-- Records shown follows --
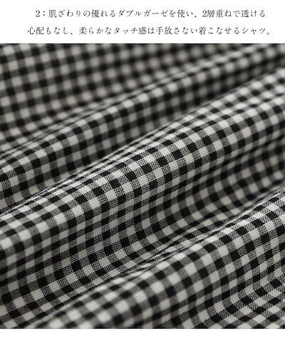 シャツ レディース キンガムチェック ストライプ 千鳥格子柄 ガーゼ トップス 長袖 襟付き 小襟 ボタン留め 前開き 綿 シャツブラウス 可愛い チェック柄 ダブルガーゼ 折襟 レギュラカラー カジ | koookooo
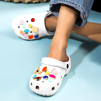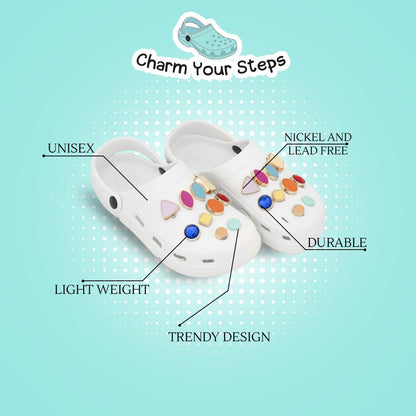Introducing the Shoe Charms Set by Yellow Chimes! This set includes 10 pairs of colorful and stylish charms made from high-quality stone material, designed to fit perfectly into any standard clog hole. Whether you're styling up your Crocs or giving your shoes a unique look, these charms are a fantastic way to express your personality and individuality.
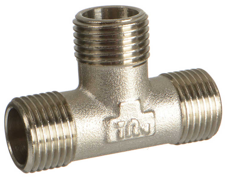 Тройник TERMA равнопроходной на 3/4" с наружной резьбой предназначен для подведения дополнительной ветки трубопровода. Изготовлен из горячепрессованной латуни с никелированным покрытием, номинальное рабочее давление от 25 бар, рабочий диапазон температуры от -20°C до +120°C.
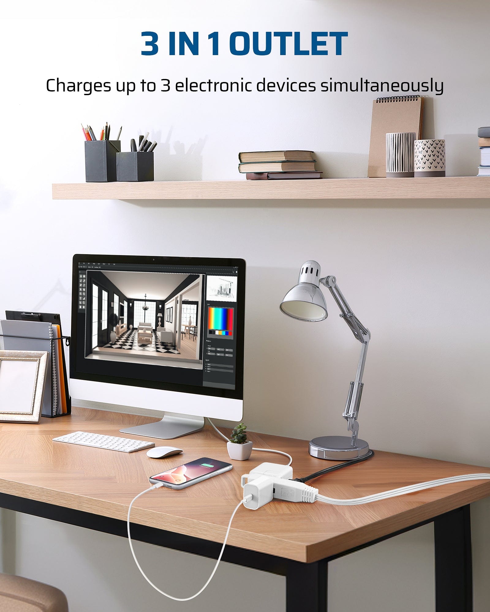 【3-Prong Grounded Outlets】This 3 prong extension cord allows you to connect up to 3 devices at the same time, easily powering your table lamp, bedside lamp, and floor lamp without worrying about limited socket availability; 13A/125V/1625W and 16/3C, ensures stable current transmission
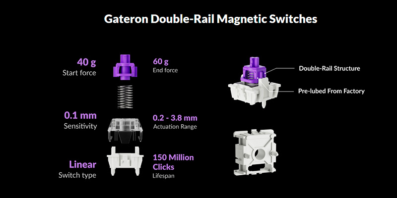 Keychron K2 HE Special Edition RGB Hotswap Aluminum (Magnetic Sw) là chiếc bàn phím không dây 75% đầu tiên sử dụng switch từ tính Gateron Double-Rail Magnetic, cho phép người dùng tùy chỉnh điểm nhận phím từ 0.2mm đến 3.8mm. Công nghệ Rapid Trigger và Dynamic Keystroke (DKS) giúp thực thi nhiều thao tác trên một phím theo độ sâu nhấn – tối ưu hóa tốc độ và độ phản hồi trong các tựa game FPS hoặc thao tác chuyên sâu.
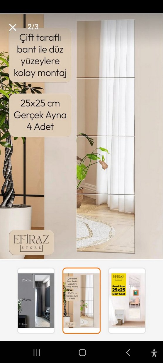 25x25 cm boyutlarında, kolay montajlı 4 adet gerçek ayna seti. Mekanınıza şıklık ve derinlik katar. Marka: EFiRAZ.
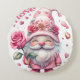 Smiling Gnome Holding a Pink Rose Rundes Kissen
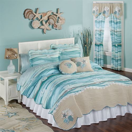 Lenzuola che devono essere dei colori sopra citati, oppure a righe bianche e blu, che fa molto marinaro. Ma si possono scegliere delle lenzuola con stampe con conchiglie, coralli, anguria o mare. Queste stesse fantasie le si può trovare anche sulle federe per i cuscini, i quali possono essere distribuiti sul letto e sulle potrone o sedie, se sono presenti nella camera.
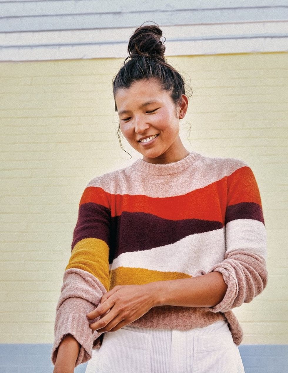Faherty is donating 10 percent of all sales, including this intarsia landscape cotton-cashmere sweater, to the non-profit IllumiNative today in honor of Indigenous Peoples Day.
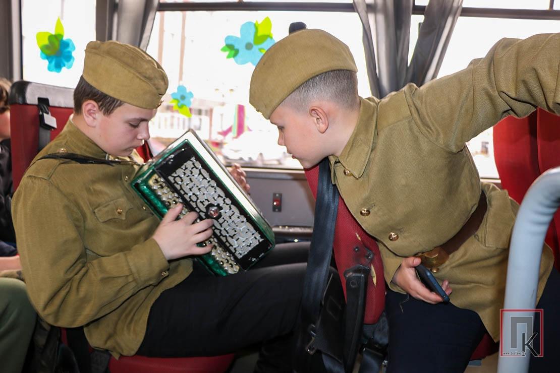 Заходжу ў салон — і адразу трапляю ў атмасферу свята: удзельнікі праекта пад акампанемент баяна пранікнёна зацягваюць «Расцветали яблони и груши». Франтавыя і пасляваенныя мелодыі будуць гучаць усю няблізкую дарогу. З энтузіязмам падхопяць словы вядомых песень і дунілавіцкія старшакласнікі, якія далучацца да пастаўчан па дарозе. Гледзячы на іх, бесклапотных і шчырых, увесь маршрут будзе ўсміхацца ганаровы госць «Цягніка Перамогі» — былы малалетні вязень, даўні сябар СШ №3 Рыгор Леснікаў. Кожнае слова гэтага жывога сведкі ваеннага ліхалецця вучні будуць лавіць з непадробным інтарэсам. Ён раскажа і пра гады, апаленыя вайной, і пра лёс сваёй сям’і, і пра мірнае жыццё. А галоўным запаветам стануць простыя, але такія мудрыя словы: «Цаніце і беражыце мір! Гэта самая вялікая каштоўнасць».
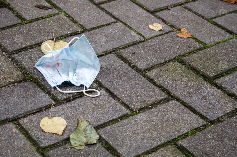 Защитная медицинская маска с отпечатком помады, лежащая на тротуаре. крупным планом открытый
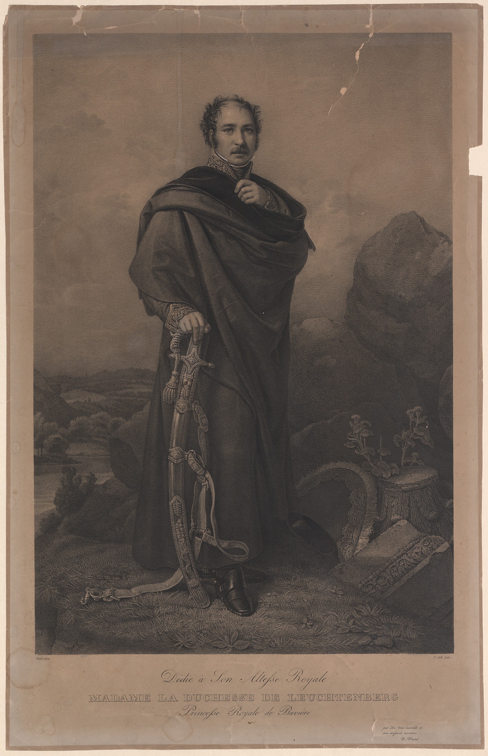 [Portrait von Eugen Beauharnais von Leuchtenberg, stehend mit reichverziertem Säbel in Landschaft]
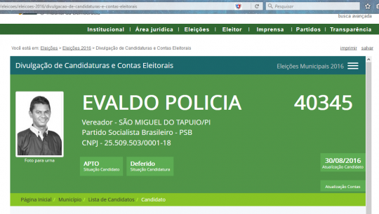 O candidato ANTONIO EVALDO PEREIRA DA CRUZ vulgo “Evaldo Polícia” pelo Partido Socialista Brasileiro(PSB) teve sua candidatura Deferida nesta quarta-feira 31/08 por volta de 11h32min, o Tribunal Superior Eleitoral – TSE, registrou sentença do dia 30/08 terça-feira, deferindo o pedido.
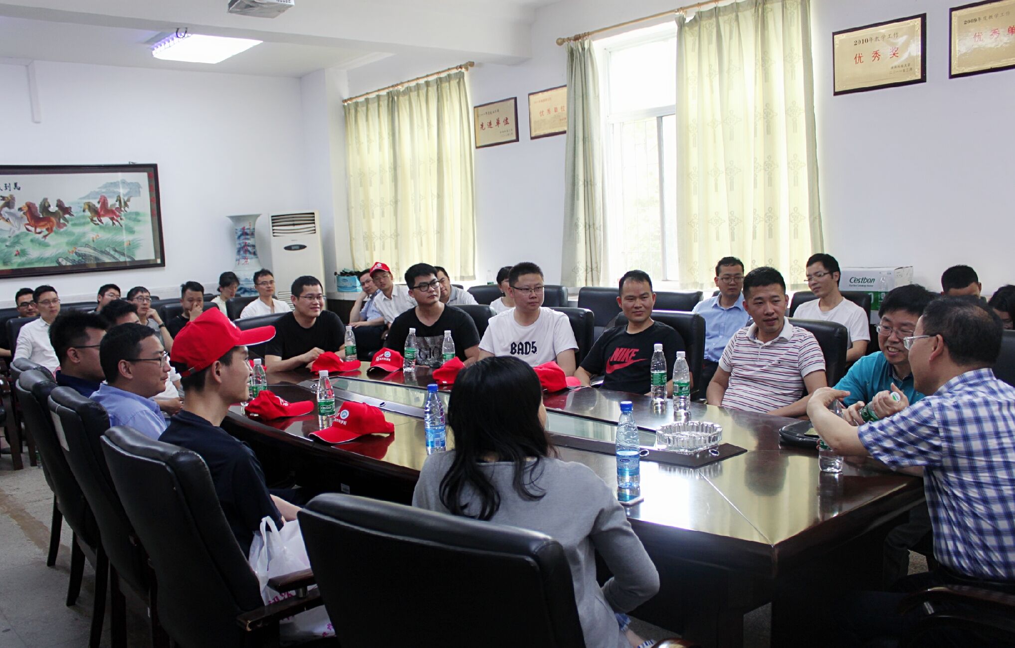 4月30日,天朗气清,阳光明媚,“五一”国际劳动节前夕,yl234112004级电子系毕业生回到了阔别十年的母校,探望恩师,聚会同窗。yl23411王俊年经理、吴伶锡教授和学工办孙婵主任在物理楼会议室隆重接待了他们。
-- Records shown concluded --
-- Records shown follows --
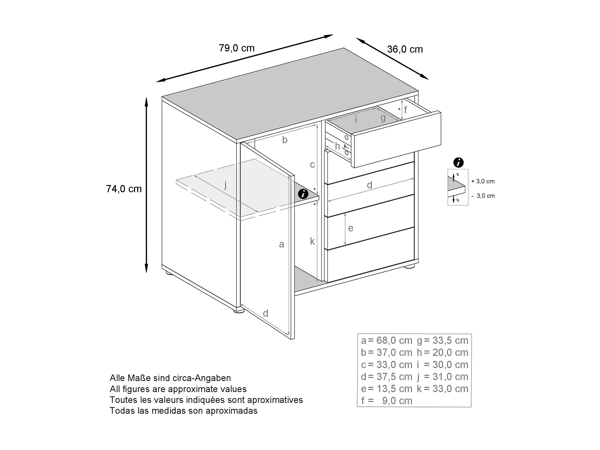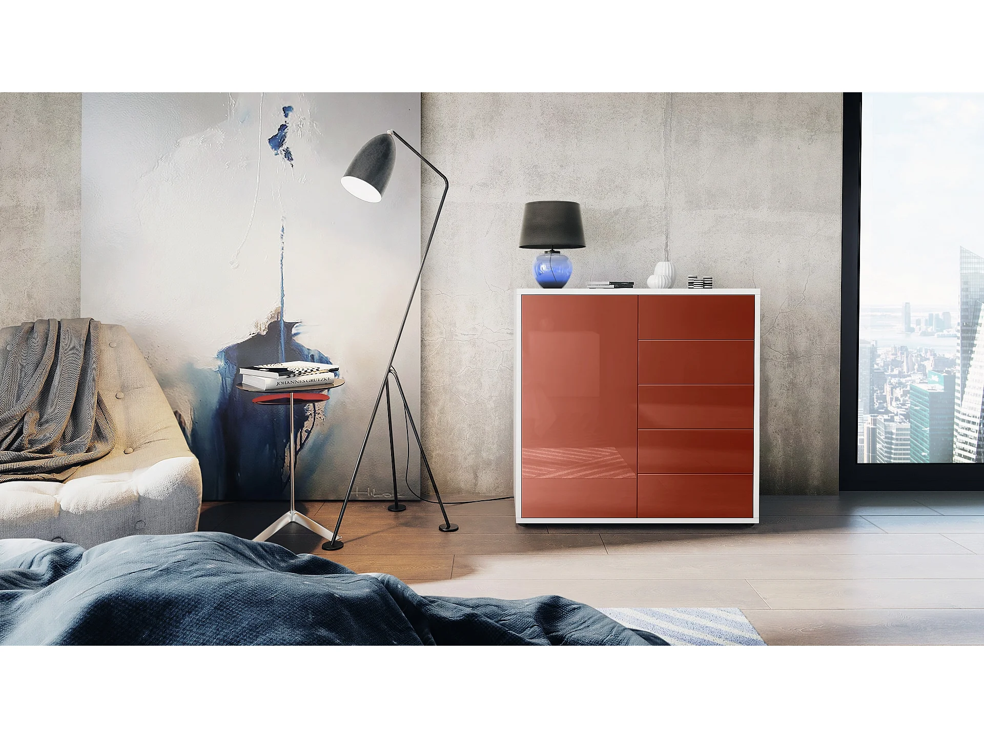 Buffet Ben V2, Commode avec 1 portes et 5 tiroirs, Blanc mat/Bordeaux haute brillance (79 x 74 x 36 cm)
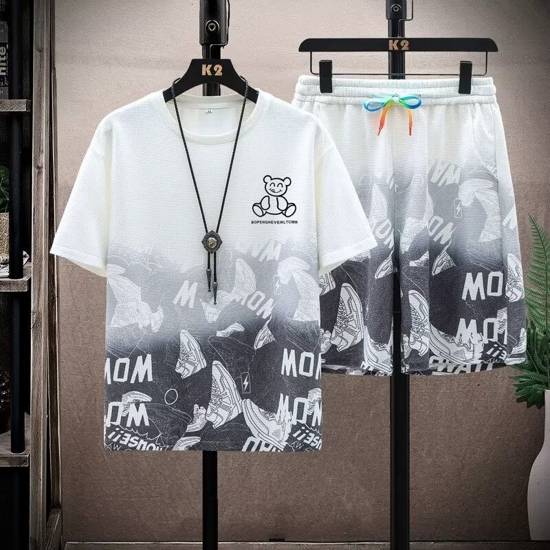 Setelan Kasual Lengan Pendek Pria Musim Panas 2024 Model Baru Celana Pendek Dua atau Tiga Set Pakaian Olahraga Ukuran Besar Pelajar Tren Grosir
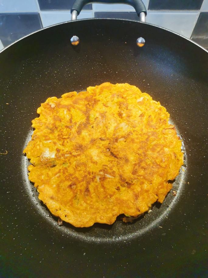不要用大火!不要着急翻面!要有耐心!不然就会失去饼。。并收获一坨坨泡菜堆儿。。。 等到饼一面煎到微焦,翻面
-- Records shown concluded --
*What to produce*. What belongs in the answer is each line above from the line with "Тройник TERMA равнопроходной" to the line with "Keychron K2 HE", inclusive, reproduced exactly and free of pictures.

*Exercise result*.
 Тройник TERMA равнопроходной на 3/4" с наружной резьбой предназначен для подведения дополнительной ветки трубопровода. Изготовлен из горячепрессованной латуни с никелированным покрытием, номинальное рабочее давление от 25 бар, рабочий диапазон температуры от -20°C до +120°C.
 【3-Prong Grounded Outlets】This 3 prong extension cord allows you to connect up to 3 devices at the same time, easily powering your table lamp, bedside lamp, and floor lamp without worrying about limited socket availability; 13A/125V/1625W and 16/3C, ensures stable current transmission
 Keychron K2 HE Special Edition RGB Hotswap Aluminum (Magnetic Sw) là chiếc bàn phím không dây 75% đầu tiên sử dụng switch từ tính Gateron Double-Rail Magnetic, cho phép người dùng tùy chỉnh điểm nhận phím từ 0.2mm đến 3.8mm. Công nghệ Rapid Trigger và Dynamic Keystroke (DKS) giúp thực thi nhiều thao tác trên một phím theo độ sâu nhấn – tối ưu hóa tốc độ và độ phản hồi trong các tựa game FPS hoặc thao tác chuyên sâu.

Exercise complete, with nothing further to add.